Sunday 13 May 2012

Makoko: Lagos community where floating shops sustain residents

.Makoko traders plying their trade

Toyin Oluwatobi wakes up in the morning at 6am and cooks a variety of food enough to feed 50 people. Then, she prepares her paddle and canoe for the day’s work; the only means of transport for her goods, which also serves as her shop.
One thing is sure though, by 3pm when she retires to her wooden house, the food would be completely sold, Oluwatobi told PUNCH Metro.
Life in Makoko, a Lagos riverine community in Yaba Local Government Area of the state is nothing like one would find within the metropolis.
Majority of the residents of this fishing community, depend on food vendors like Oluwatobi to eat daily.
When our correspondent visited the fishing community, it was noticed that the community live entirely on the goods sold by women and girls who paddle around the community in their canoes, laden with various goods.
By morning, most of Makoko’s men would be off to their fishing spots or sawmills. The boys would either be away to a school constructed with wood in the area, or at the loading dock, waiting for passengers to ferry around the community. 
Makoko traders do not have the luxury of shops, which those who trade on land have. So, they load their items on their canoes and paddle around the community until they or the goods are exhausted.
Sweating as they rigorously steer around the corners of the community, these women provide the main economic sustenance, which the residents of Makoko depend on.

While they move about, anxious residents wait at the entrances or windows of their wooden houses and beckon on them.

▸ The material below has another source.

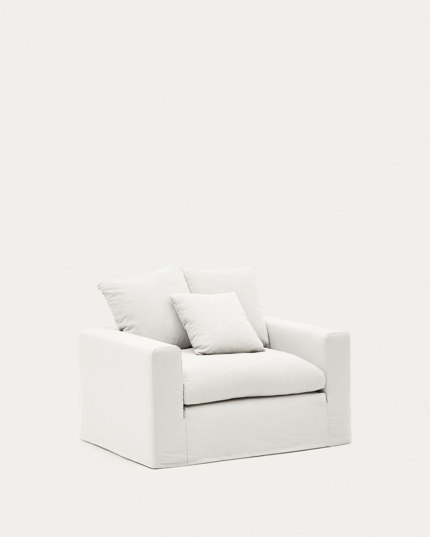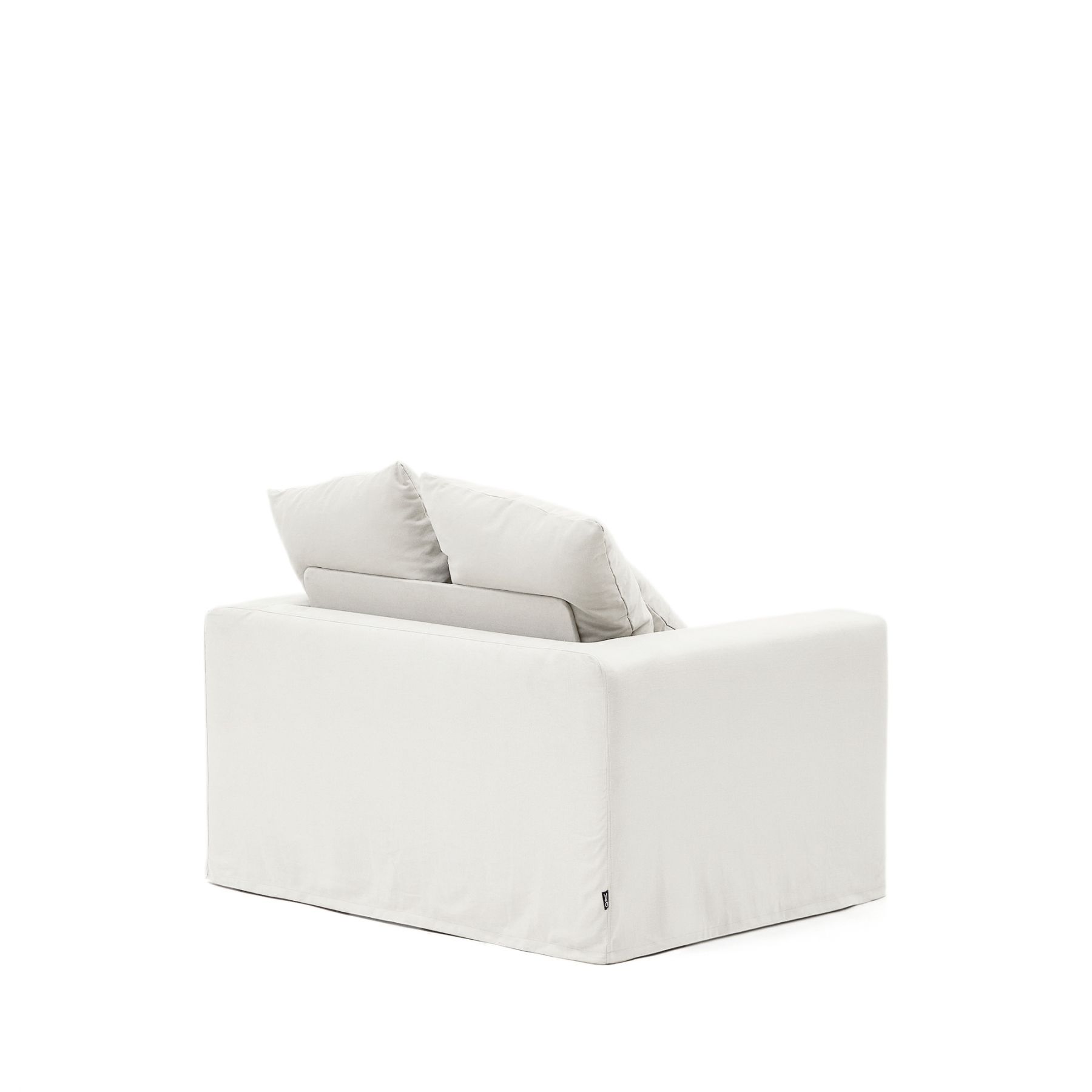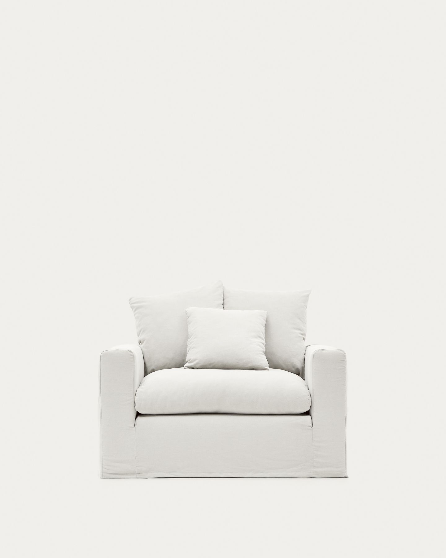 Nora сочетает естественную элегантность льняной и хлопчатобумажной ткани с дизайном прямой линии. Его большие размеры и подушки, наполненные пенопластовой крошкой и переработанными волокнами ПЭТ с эффектом прижима, делают его мягким сиденьем, которым можно наслаждаться в компании других.

A food vendor, Mrs. Seun Okueso, told PUNCH Metro, “What we cook is what the people eat. They do not have a choice because majority of the people here cannot afford to cook in their homes. You can see the reason why. If they do, what if they forget to put out the fire and it burns down the wooden house?
“Apart from that, it is easier for the people to buy the food from us than to cook in their houses. We save them a lot of stress. Cooking in our kind of houses is not as easy as it is in normal buildings.”

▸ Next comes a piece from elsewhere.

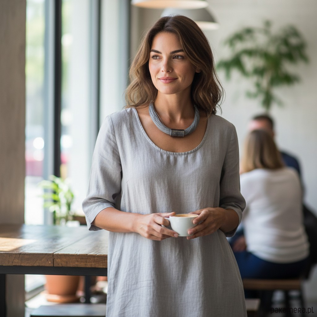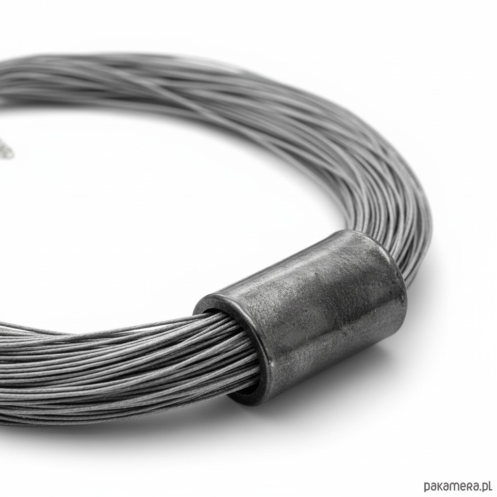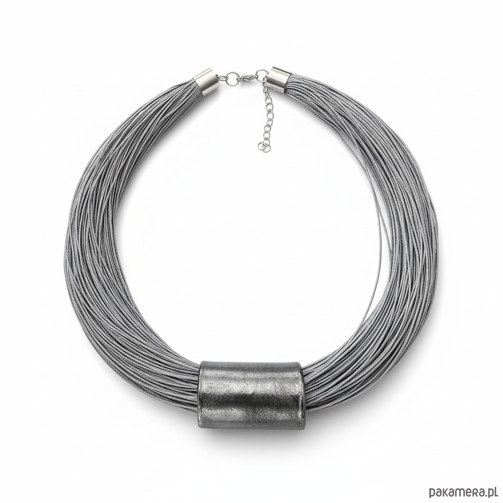 Naszyjnik wykonany z wyprodukowanego w Polsce, wysokogatunkowego lnu w kolorze szarym oraz ręcznie wykonanego elementu ceramiki szkliwionej w kształcie spłaszczonego walca o wymiarach: długość ok. 4cm, średnica ok. 2,5cm.. Został on wykończony elementami metalowymi w kolorze stalowym, a zapinany jest na karabińczyk.

As our correspondent moved round the community, different canoes were encountered laden with food or household commodities that one would find in normal shops.
Explaining why the traders prefer to hawk the goods in canoes instead of setting up wooden shops at their homes, a woman selling beans cake, told our correspondent, “Who do you think the residents would prefer to buy from; A trader who brings the goods to their doorstep or the trader who expects them to get into their canoes and come to her house?”

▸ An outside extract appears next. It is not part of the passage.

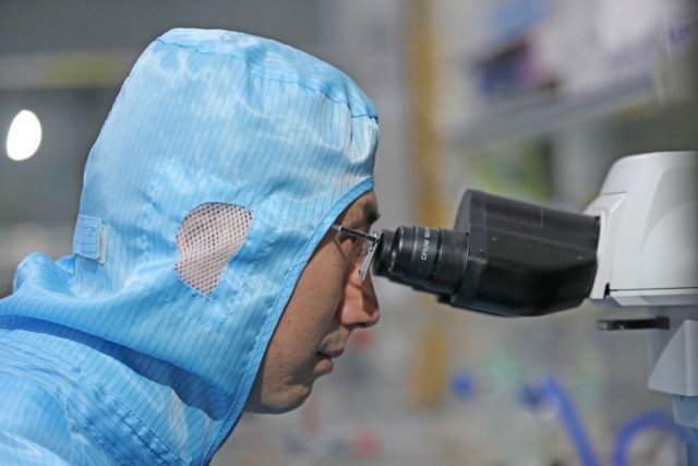 在位于沈陽市的中國科學院金屬研究所納米碳基電子器件超凈實驗室,孫東明在聚焦光學顯微鏡前觀測實驗樣品的形貌(2月24日攝)。

Even though the traders seemed to be the only source of meals for the residents of Makoko, they said business is not as rosy for them as it seemed.
“I have eight children and I have to feed them all. I need to send some of them to school as well. Children are treasures in this community. The little I get as profit I use to feed my children. My husband is a fisherman. He takes care of the education of those who are schooling.”
Another trader, Mrs. Elizabeth Bajowa, said the trade was the only way she could support her five children.
“Two of them are schooling in Benue State and I have to send them money.  The work starts by 6am and I don’t rest till 5pm. I sell a lot because the people don’t cook or have the time to go outside the community and buy these things we sell.
“Despite all these, livelihood is still a challenge here. What we get as profit from this trade is barely enough to feed us.”
Our correspondent also noticed that the girls, who take part in the business activities of the community, have become masters of the paddle.
Paddling with dexterity, some of them were seen in canoes laden with liquid soap, soup ingredient and other goods.
A girl who identified herself simply as Kate (not English), said her parents could not send her to school.
“I am six years old. I have two elder brothers who are in school. I’m helping my mother with her trading. She has two canoes. I take one to hawk soup ingredients while she uses the other for hawking food,” she said in her native Egun language, while our correspondent’s guide interpreted.
The guide,
In Makoko, the residents buy water from sellers, who get the commodity from boreholes in neighbouring communities.
The water sellers load them into boats that can accommodate big plastic tanks and move around the community. Some store the water in tanks in their houses and sell to other residents.
The scarcity of fresh water has to do with absence of pipe borne water in the community. For a community where all household wastes go into surrounding water on which their houses are built, a leaky potable water pipe can be hazardous.
One of the Baales (village heads) of Makoko community, Chief Abraham Mesu, told PUNCH Metro, that the traders need help from the government.
“We depend so much on these women daily but their business has not been that good. I think it would help them a lot if they can get loans from the government to improve their trades.
“Even their husbands who are mostly fishermen still use the fishing method that was passed down to them by their forefathers. Most of these men fish through the night and catch fish worth N150,000 sometimes.
“So, you can imagine how much fish they would catch if they are using modern fishing method. Another problem is that there is no storage system here. So, even if they catch fish worth N200,000. They have to sell everything that day or it would get spoilt.”
Mesu appealed to the government to come to the aid of the traders and fishermen of Makoko in order to make life a little easier for them.